The judge LLM returned unparseable output for every question. Most common causes:
- LiteLLM is routing to a different model than expected
- GLM is returning a response format the code fence stripper can't handle (check raw GLM output)
- Network issue between haiven-ragas and LiteLLM

Check raw GLM output:

curl -s -X POST http://localhost:4000/v1/chat/completions \
  -H "Content-Type: application/json" \
  -H "Authorization: Bearer $(grep RAGAS_LITELLM_API_KEY /mnt/apps/docker/ai/haiven-ragas/.env | cut -d= -f2)" \
  -d '{"model":"glm-4-7-flash","messages":[{"role":"user","content":"Return JSON: {\"answer\":\"test\"}"}],"max_tokens":50,"extra_body":{"enable_thinking":false}}' \
  | jq .choices[0].message

If content is null and the answer is in reasoning_content, thinking mode may be enabled unexpectedly. Verify enable_thinking: false is being passed through LiteLLM.

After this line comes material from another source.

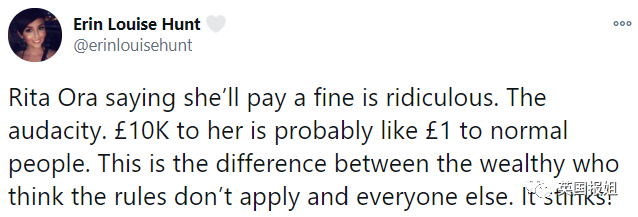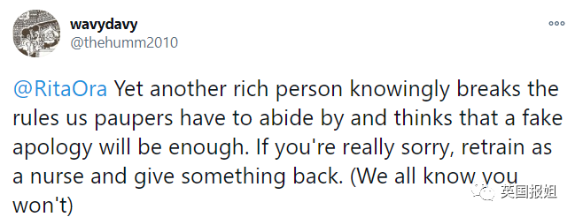 “Rita Ora,又一个有钱人故意违反规则,规则怕是只有我们穷人才不得不遵守的,而且她还认为一个虚假的道歉就足够弥补一切了。

Scores drop significantly after a change

If Context Precision drops more than 0.1 after a change to haiven-knowledge:

  1. Look at per-question scores to identify which questions regressed.
  2. Run the regression CLI to get a structured diff against the previous baseline.
  3. Check whether a Qdrant collection change removed previously indexed chunks.
  4. Verify the score threshold default (0.3) hasn't changed — a higher threshold means fewer chunks returned.

Evaluation hangs indefinitely

A full run with 78 questions takes 10-20 minutes. If it exceeds 30 minutes, check:

# Is GLM responsive?
curl -s -X POST http://localhost:4000/v1/chat/completions \
  -H "Content-Type: application/json" \
  -H "Authorization: Bearer $RAGAS_LITELLM_API_KEY" \
  -d '{"model":"glm-4-7-flash","messages":[{"role":"user","content":"hi"}],"max_tokens":10,"extra_body":{"enable_thinking":false}}' \
  | jq .choices[0].message

# Is haiven-knowledge responsive?
curl -s -X POST http://localhost:8022/v1/search \
  -H "Content-Type: application/json" \
  -d '{"query":"test","limit":3}' | jq .

If GLM is slow (GPU under load from other requests), the evaluation will slow down proportionally. RunConfig(max_workers=2) limits concurrency, but each individual LLM call can still take 60-120 seconds under load.

404 on /results/latest

The results directory /mnt/apps/data/ragas/ may not exist yet or may contain no .json files. Run a first evaluation to create it.

ls /mnt/apps/data/ragas/

API Reference

Endpoint Method Description
/health GET Liveness probe — returns {"status":"ok"}
/evaluate POST Run RAGAS evaluation (synchronous, 10-20 min)
/results/latest GET Return the most recent result JSON

See openapi.yaml for full request/response schemas and example values.